Does that mean we should dial down the cough assist pressure? She reports no pain during either inspiration or expiration.
 
That can be new blood, old blood, a sinus infection...I would look at humidification settings on her BiPAP and humidity in the room, and maybe crank both up a notch. I would make sure you have new HVAC filters and in her BiPAP. And if she shows any other signs of infection (pain, fever, confusion, irritability, etc.) I would contact her PCP to consider an empirical antibiotic. Not knowing how much blood we are talking about, I would certainly double-check that she is getting enough B vitamins, iron and the like, just like always.

But since you have been trying different things to thin secretions, getting some dried blood out of the way could actually be good since it is an irritant.
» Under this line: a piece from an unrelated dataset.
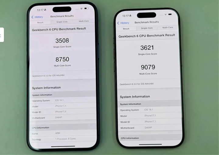 对比一下现役iPhone 16 Pro的A18 Pro:单核3621分,多核9079分。差距肉眼可见,尤其是多核直接多了2500多分,这幅度让人怀疑苹果是不是偷偷换了引擎。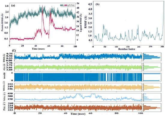 As kaempferol from Carica papaya showed significant interactions with the target protein of COVID-19 in the experimental [41] and molecular docking study, so this compound was selected for further MD simulation. The stability of a protein–ligand complex was assessed using molecular dynamics (MD) simulations in a system under Na+ 33 (57.676 Mm) and 29 (50.685 Mm). Using Schrodinger’s Desmond molecular dynamics modeling program, the optimum compound, P-7-6LU7, was studied [42]. The OPLS_2005 force field was utilized to simulate the complex interactions between the protein and ligand. To ensure the accuracy of simulations, the complex was placed in a cubical water box (TIP3P water model), in three dimensions, with a 12 Å buffer space using Desmond’s system builder tool. Appropriate counter-ions were added to neutralize each system and were maintained by adding 0.15 M NaCl, ensuring a stable and consistent environment. With 10,000 steepest descent steps, the systems were minimized and gradually heated from 0 to 300 K, using NVT before each run. To ensure optimal results, the system was then thermally relaxed for 5 ns, using the Nose–Hoover Chain thermostat and Martyna–Tobias–Klein barostat methods for 5 ns of pressure relaxation. This was followed by keeping the constant particle number (N) at 4691 (total), heavy atoms at 2372, charge at −4, pressure (P) at 1.01325 bar, and ensemble conditions (NPT ensemble). The NPT ensemble was used to simulate 100 ns with a cutoff distance of 12 angstroms. To record the trajectories, 5000 frames were captured and saved at 4.8 picosecond intervals.

Do you use a baby aspirator on the nostrils? You can put a little saline or NasoGel in there, too, and try to see if there is something in the nostrils to suck out gently. We all get wads of gunk from time to time, but she can't expel them on her own. If nasal pressure builds up, that affects breathing and how the lungs respond to the CA as well.

If the mucus continues after tinkering and time, yes, that could be the time to reduce CA pressure in small notches if/as she tolerates it. The irritation doesn't disappear in perfect synch with the cause, so it's fresh blood that we would be most concerned about and probably more aggressive about trying to adjust the settings to reduce. Orange is more dried, of course.

You can send a pic of what she's coughing up to her PCP as a baseline.